「………………」
ーー絶句。
それ以外に今の状況を説明する言葉はないかもってくらい、この言葉がぴったりくる。
と、とりあえず、彼と話をしないと。
「あの、矢嶋くん。」
「晴でいいですよ。」
「……矢嶋くん。今日は何の用で?」
流石に、雪弥以外を下の名前で呼ぶなんてことはできない。
矢嶋くんは「ちぇ、名前、呼んでもらえると思ったのに。」と肩を竦めた後、私の机に手をついた。
「あいつに取られる前に、先手を打っておこうと思ってですね。」
「…は?」
あいつ…っていうのは多分、雪弥のことだよね。でも先手って?なんの話?
「文化祭、ボクとまわっていただけませんか?」
…………………
んーーーーーーーーー。そうきたか。
でもこれって、断ったら断ったでこいつのドMが炸裂するだけだし、受けても単純に喜ばれるんでしょ?

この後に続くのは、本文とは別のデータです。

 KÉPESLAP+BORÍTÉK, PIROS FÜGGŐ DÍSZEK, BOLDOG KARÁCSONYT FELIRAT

じゃあどっちにしてもこのドM男を喜ばせて終わるじゃん。
それは嫌だ、すっごいやだ。なんか癪!
んー、どうしよう。
だけどバカな私にはそれ以外の方法は思いつかなくて。
「……桃華とまわるし。」
言えば、やっぱり矢嶋くんはニッコー、と笑った。
「バッサリ断ってくれるところが本当、ステキですよねー!
あ、でも…」
ぐいっ、と体が動いたかと思うと、私の耳は、矢嶋くんの口元まで移動していた。